Aug 17, 2006 21:39
Moment Number 7: NATS Competition February 2004
it was mid February and I had been having an awful year. Between depression, going from a straight A student to a C/D student, having a broken heart, and feeling generally alone, I decided I needed to take something seriously... The NATS competition is a state wide competition that happens every year in Boston. My fabulous teacher had persuaded me to enter the high school division for musical theatre. A week before the competition, my grandmother died... she was more like a second mother to me. At that point I wasnt sure if i was going to compete or not, but I knew she'd want me to do it.I arrived for the big day. I felt slightly under dressed in my simple brown halter dress as I passed hundreds of girls in what seemed to be wedding gowns, and guys in full tuxes. When it was finally my turn I stepped into a room and greeted the three judges. Unsure of how/when to introduce myself I waited for one of them to prompt me. I finished my ballad, someone to watch over me, with ease and went right into my belt, Cabaret, hoping that this epic of a song would fulfill my time limit so I wouldnt have to sing my third song... but of course...I was forced to sing If I were a Bell... I wasn t really comfortable with that one and I totally screwed up my lyrics, which caused me to feel I blew it right there.
As i waited for the results of preliminaries to see who would be the 14 out of about 150 to make it to run offs, I didnt think i stood I chance. Although I had felt I performed my best,after hearing the other singers, I was prepared to pack up and leave. But somehow i made the list and headed over for run offs. Because I was near the end of the set I was allowed to watch the other competitors...I was blown away by their talent and versality. Happy with how far I had made it in such a talented group of compeitiors, I decided to just have a fun time with it. I knew that the one thing I maybe had on all of these incredible singers, was that some of them didnt perform their songs, they just sang them... and I'm never one to just sing a song. In the back of my head i kept telling myself to make my grandma proud, and all i needed to do to accomplish that was sing out and smile. The judges let me choose my starting song, so I chose my strongest, but most difficult: Cabaret. I knew I was taking a huge risk by singing my belt before one of the ballads they would ask me to sing after, but I wanted to ensure that I would get to perform this one. I wasnt sure if it was a good or bad thing that the judges watched my entire peice without writing, but at that point was just there to have fun. They chose the Gershwin for my second peice, and some how, after the belt, I nailed it.
After waiting about 20 min while the judges deliberated over the top 3 singers who would come back the next day to compete for 1st, 2nd, and 3rd place cash and scholarship awards, I spoke with the other competitors who all nervously chatted about their performances and chances of winning. I prayed a little bit and asked mygrandma for a little luck if I was deserving of it, but mostly i was jsut excited to see which three would be chosen. When the judges finally arrived i sat up straight on the off chance that my name would be called.
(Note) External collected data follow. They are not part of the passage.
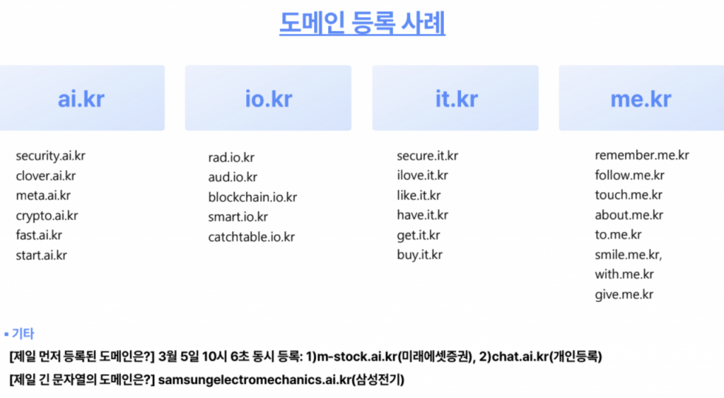 가장 먼저 등록된 도메인은 미래에셋증권(m-stock.ai.kr)과 개인이 등록한 'chat.ai.kr'이다. 이는 지난 5일 오전 10시6초에 동시 등록됐다. 현재까지 등록된 도메인 중 삼성전기(samsungelectromechanics.ai.kr)의 이름이 가장 길다.
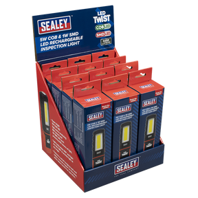 Sealey | LED Twist Rechargeable Inspection Light 5W COB & 1W SMD - Display Box of 12 - LED601DB 3.354 kg
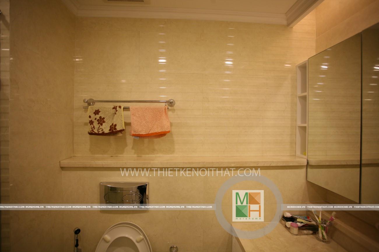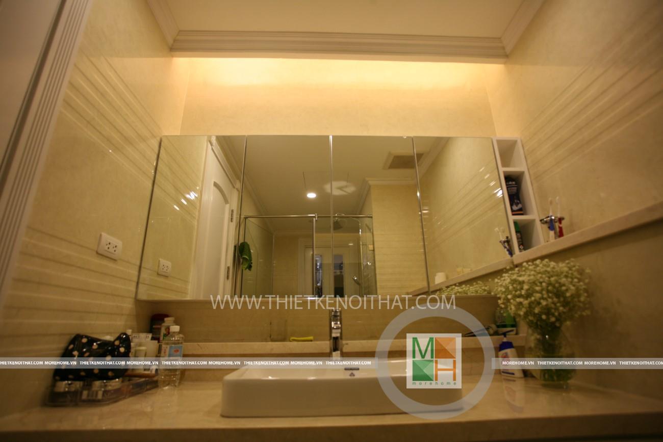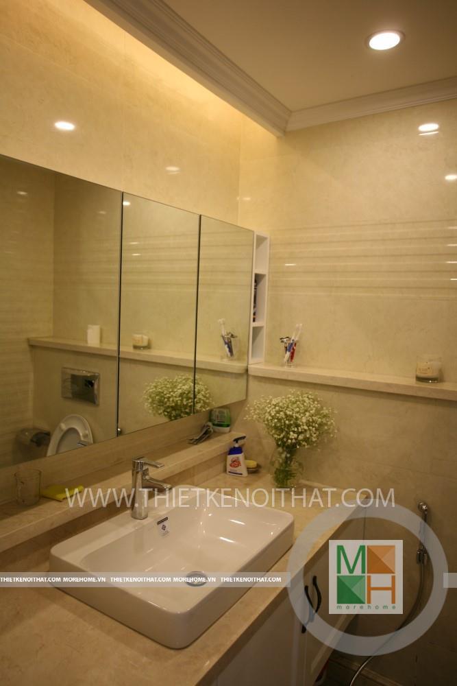 Không chỉ dừng lại ở phòng bếp, phòng vệ sinh cũng được chú trọng trong từng đường nét thiết kế. Các kiến trúc sư của Morehome đã tận dụng một cách sáng tạo những chi tiết nhỏ từ chậu rửa, kệ rửa, gương một cách tinh tế nhất để tạo nên một không gian sang trọng cho toàn bộ căn hộ.
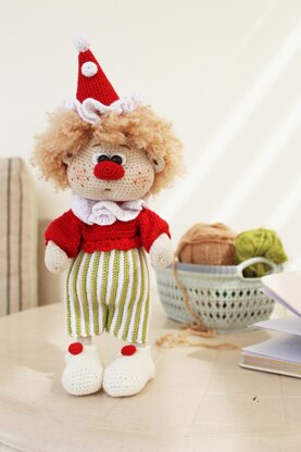 Crochet CLOWN toy pattern is in PDF format in English (US terms) language. Crochet level: medium The pattern consists of 26 pages and is accompanied by more than 50 photographs. The finished product using the materials stated in this pattern is ~12.5 inches / 32 cm in height without the hood. The doll is crocheted as one piece with the wireframe. It can move the legs and arms. The eyes, nose, and ears are sewn only. All clothes are removable. The pattern includes the doll + set of clothes (cap, T-shirt, pants and boots).
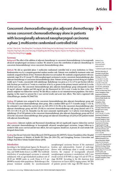 為此,我們團(tuán)隊(duì)牽頭全國(guó)10家3甲醫(yī)院,歷時(shí)8年共同完成了一項(xiàng)前瞻性多中心III期隨機(jī)對(duì)照臨床試驗(yàn),將入組患者隨機(jī)分入TPF誘導(dǎo)化療聯(lián)合同期放化療組(試驗(yàn)組)或同期放化療組(對(duì)照組),比較兩組的生存率及毒副反應(yīng)。該研究在國(guó)際上首次證明誘導(dǎo)化療能夠提高鼻咽癌的療效且治療毒性可以耐受,病人的生存率提高了8%,腫瘤轉(zhuǎn)移的發(fā)生率降低了7%。研究結(jié)果在全球排名第一的腫瘤學(xué)雜志《柳葉刀?腫瘤》發(fā)表。這是近10年來(lái)唯一能夠提高局部晚期鼻咽癌生存率,減少腫瘤擴(kuò)散的3期臨床試驗(yàn),有望在不久的將來(lái)被美國(guó)和歐洲的指南所采納,在全世界推廣應(yīng)用。國(guó)際同行芝加哥大學(xué)醫(yī)學(xué)中心Michael T Spiotto教授發(fā)表同期評(píng)論,認(rèn)為此論文為確立鼻咽癌最佳綜合治療模式提供了高級(jí)別的循證醫(yī)學(xué)證據(jù),也為誘導(dǎo)化療在其它頭頸腫瘤中的應(yīng)用提供了新的研究思路。此外,中國(guó)《健康報(bào)》頭版頭條以《鼻咽癌治療我國(guó)再度領(lǐng)跑》為題進(jìn)行報(bào)道并發(fā)表特約評(píng)論:《領(lǐng)跑者更需要全方位支持》,同時(shí)該項(xiàng)研究成果得到科技日?qǐng)?bào)、中國(guó)醫(yī)學(xué)論壇報(bào)、健康報(bào)、醫(yī)師報(bào)和廣州日?qǐng)?bào)等海內(nèi)外主流媒體10余次正面報(bào)道。
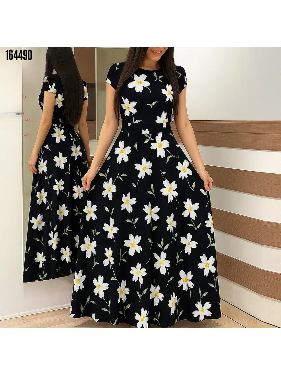 Tam boy puantiyeli krep kumaş elbise
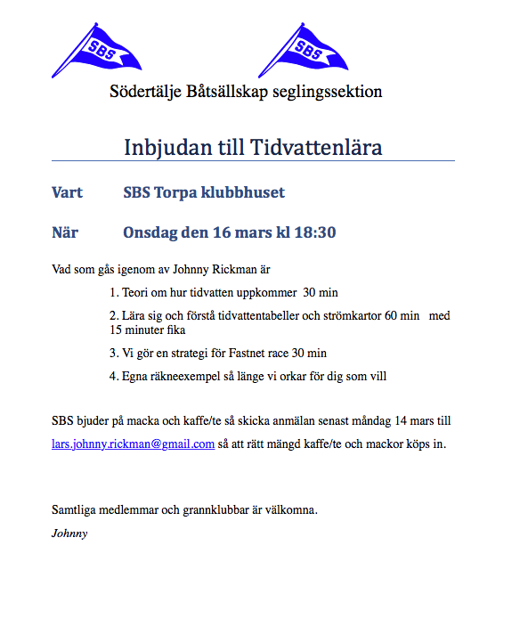 SBS inbjuder till Tidvattenlära
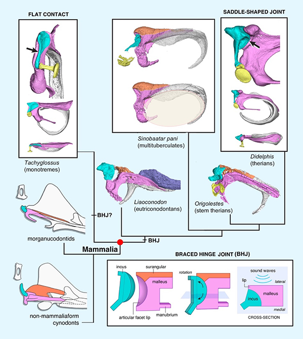 哺乳动物中耳的演化,是一个从达尔文时代就在广泛探讨的问题,也是脊椎动物渐进演化的经典案例。爬行类具原始颌关节(primary jaw joint),由下颌关节骨与头骨上的方骨构成,中耳只有一块听骨(镫骨=耳柱骨)。与此相比,哺乳动物中耳则由锤骨、砧骨、镫骨形成听骨链,外鼓骨支撑鼓膜收集声音,下颌由一块齿骨构成,形成齿骨-鳞骨颌关节。解剖学、发育生物学、遗传学的大量研究证明,哺乳动物的听骨和爬行动物的齿骨后骨和方骨具有同源关系。古生物学也早已提出中耳渐进演化假说,即从爬行类向哺乳动物的典型哺乳动物中耳的演化过程中,齿骨后骨逐步缩小,并与齿骨分离,最终移入颅基部,成为专司听觉功能的结构。但纤细的听骨很难保存为化石,近两百年来发现的中生代哺乳动物中耳化石极少,其形态细节和关节方式一直不清楚,对其演化过程和机制的解释存在极大的人为性,各种推论、假说存在较大争议。
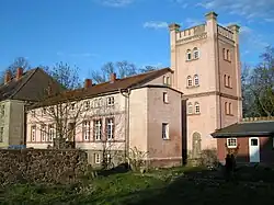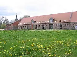 The manor house is the oldest building on the estate, situated on the eastern edge. The first part of the building was built at the start of the 18th century, whereas the southern part with the tower was added in 1890.[2] A cobblestone church from 1888 also belongs to the estate,[3] and is part of the Brüssow parish.[4]
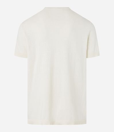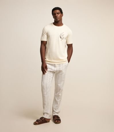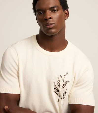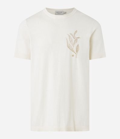Ref: Camiseta masculina confeccionada em algodão mais sustentável, gola redonda, manga curta. Peça no modelo regular com detalhe de flor bordada.
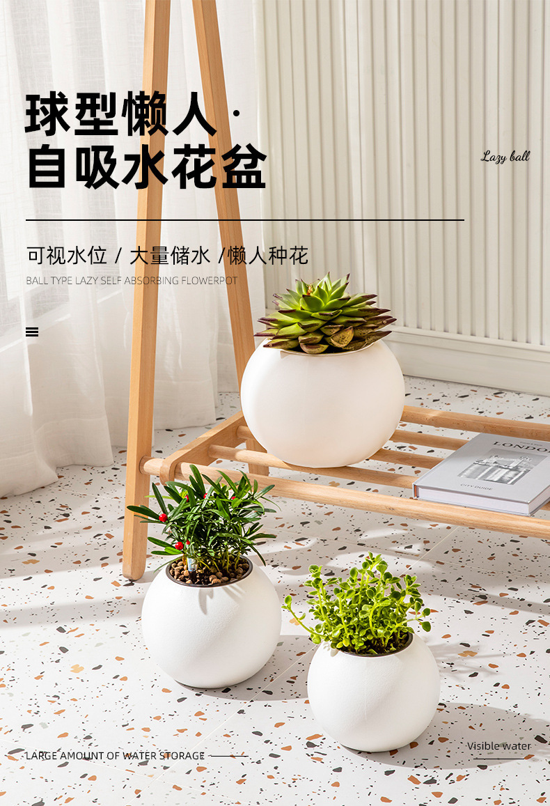 창조적 인 구형 화분 배꼽 냄비 흰색 큰 화분 비 다공성 수경 용기 게으른 자동 흡수성 플라스틱 제조 업체
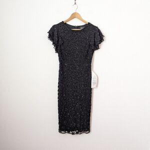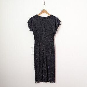 NWT Mac Duggal black sequin embellished floral flutter sleeve midi dress
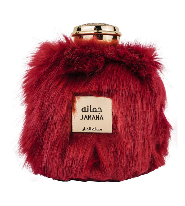 El frasco de Jamana no pasa desapercibido: su acabado en terciopelo rojo lo convierte en una verdadera joya decorativa. Cada detalle está pensado para transmitir lujo y tradición, dos valores esenciales en la perfumería árabe. Este perfume no solo se lleva en la piel, se exhibe con orgullo.
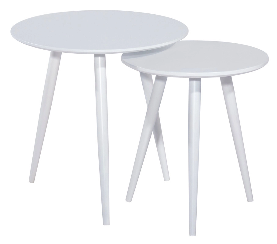 Konferenční stolky Sestava dvou kulatých konferenčních stolků. Vrchní deska je z kvalitní MDF, nohy stolku jsou z kovu. Stolky jsou v bílé barvě. MDF je mnohofoliová deska na kterou je vysokým tlakem nalisována PVC folie. Je stálobarevná, voděodolná a velice dobře se udržuje. Výška: 50 - 45 cm Šířka: 50 - 40 cm Hloubka: 50 - 40 cm Barva: bílá Materiál: MDF, kov Dodáváno v demontu, záruka 24 měsíců.
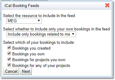 When exporting iCal information the user needs to decide if they want to export information on a single resource or all resources, and whether they want bookings related to themselves or other peoples bookings as well. If they want bookings related to themselves they can also decide which of the relationships they want to choose. Once these options have been chosen a link will appear at the bottom of the booking feed box, copy and paste this link to the calendar application. The frequency of updates to the calendar may be determined by the calendar application itself, if not, it is every hour.
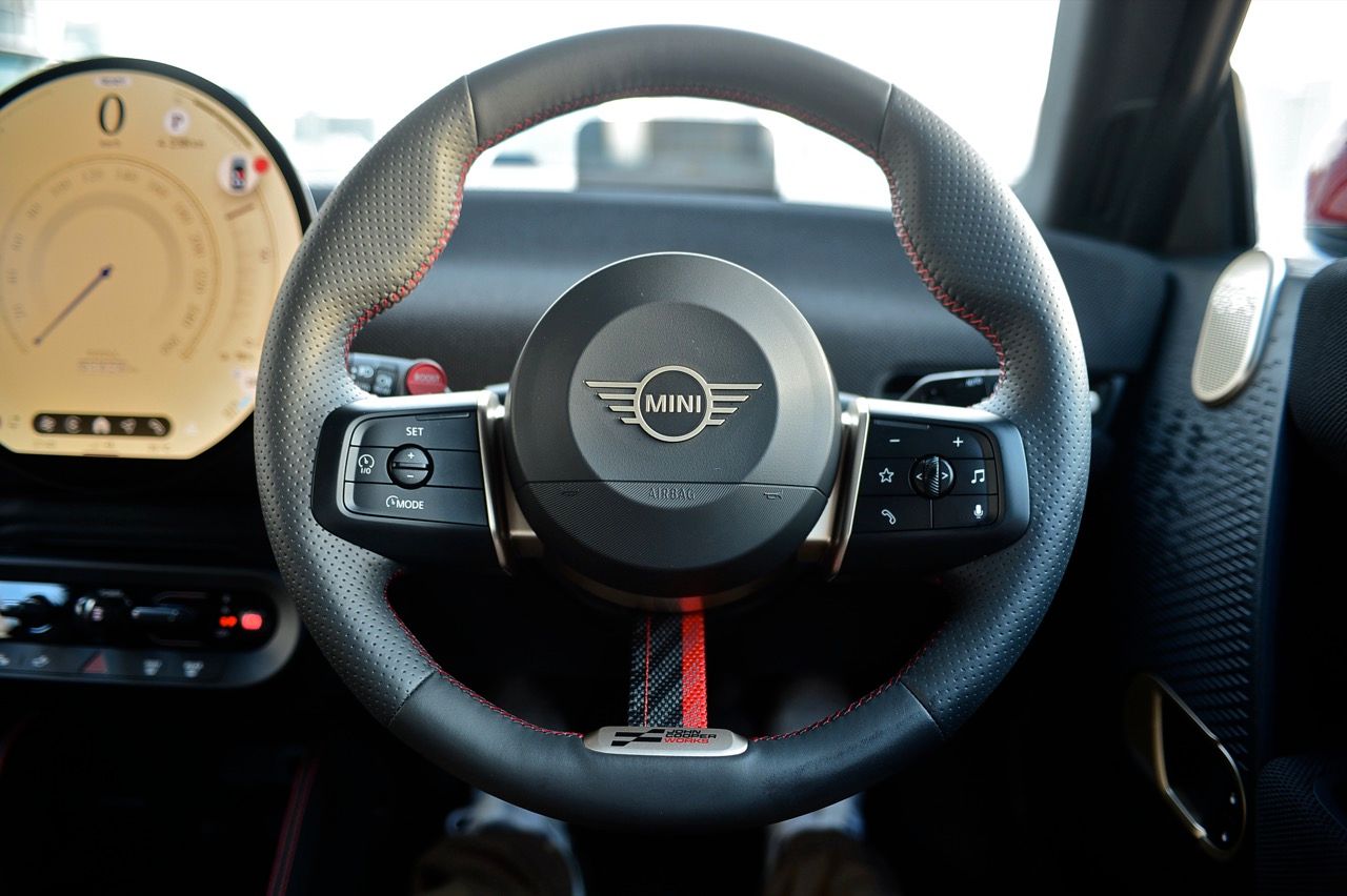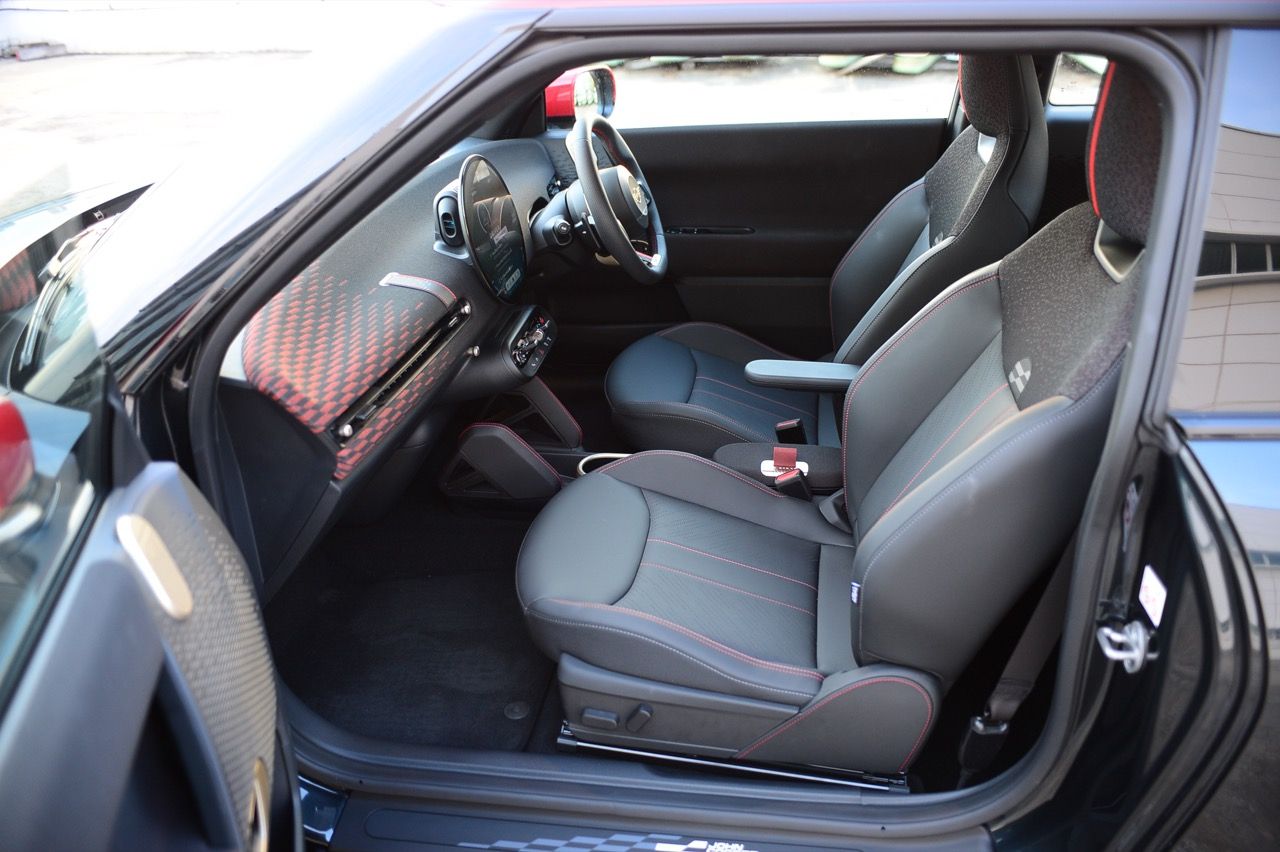 ห้องโดยสารโทนสีแดง-ดำ เอกลักษณ์ของ MINI JCW พวงมาลัยสปอร์ต JCW สีดำที่ประดับด้วยตะเข็บสีแดงและหุ้มผ้าที่ตำแหน่ง 6 นาฬิกาเพื่อให้จับถนัดมือ เบาะสปอร์ต JCW ให้การรองรับที่มั่นคงระหว่างการขับขี่แบบสุดตัว ตกแต่งด้วยตะเข็บสีแดง ตัดกับหนังเทียมสีดำเช่นเดียวกับผิวหน้า ของคอนโซล นอกจากนี้ ระบบ MINI Experience Modes ในรุ่นนี้ ยังมีโหมด Go-Kart ที่เพิ่มเข้ามาสำหรับรถยนต์ ตระกูล JCW โดยเฉพาะเพื่อเติมกลิ่นอายของมอเตอร์สปอร์ตให้เข้มข้นยิ่งขึ้น โดยโหมดนี้จะตั้งค่าพวงมาลัย ให้ไวมากขึ้น คันเร่งตอบสนองเร็วขึ้น และแสดงข้อมูลเพิ่มเติมบนหน้าจอ OLED ทรงกลมด้านหน้า ทั้งแรงบิด กำลังเครื่องยนต์ และแรง G แบบเรียลไทม์
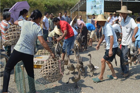 近日,廉江市长山镇文林村委会153户贫困户,高兴地领到了广州开发区萝岗区经济发展局、安监局发放的价值10多万元的鹅,受到当地群众的交口称赞。
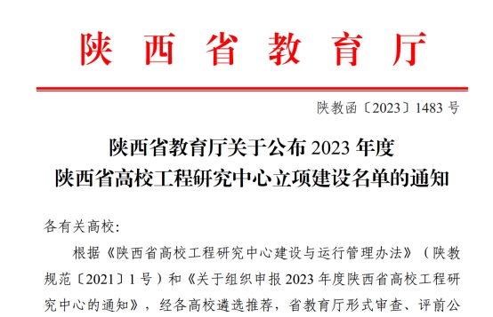 12月18日,陕西省教育厅发布《关于公布2023年度陕西省高校工程研究中心立项建设名单的通知》,我校“智慧矿山物联网技术陕西省高校工程研究中心”成功获批2023年度陕西省高校工程研究中心,这是我校继2022年煤炭与化工产业学院承建的“煤能与绿色开采陕西省高校工程研究中心”之后获批的第二个省级工程研究中心。

And my grandma must have been working some magic that night bc I was first on the list.
The three finalists, two high school seniors and myself (a junior at the time), came back the following evening to sing our songs for a 3rd and final panal of acclaimed performers from the boston area, chosen to judge our finals. I was the third to perform, and clearly the underdog vocally by far, but I jsut had a blast. Unfortanately bc I was only a junior I was not eligible for the college scholarship money but I ended up winning $250 dollars :) But of course that was nothing compared to the experience. A week later all my comments from all 9 judges that critiqued be throughout the compeition, were sent back to me. I was thrilled with both the positive and negative feedback and it gave me a real good idea of what my new focuses should be. After that I was asked to come back and singmy peices in a concert performance, along with the finalists of the college and professional divisions, at Boston University.
This experience meant alot to me, not only because it was a prestigious competition, but because I was able to give my all and work so hard for something that seemed out my my reach, under some of the hardest conditions I've ever faced. It also reminded me that when I'm failing at everything else, I still have some talents and tricks up my sleeve that lift me up when I've fallen flat on my ass. Finally, i did it for my grandmother, who meant the world for me... who was so passionate about music... and about my pursuing a career in theatre... who was there to support my every performance since preschool... She was there for them all, until this one... yet somehow I was able to do it bc I knew I still had her support on my side and that even if she couldnt be there, she was still my number one fan.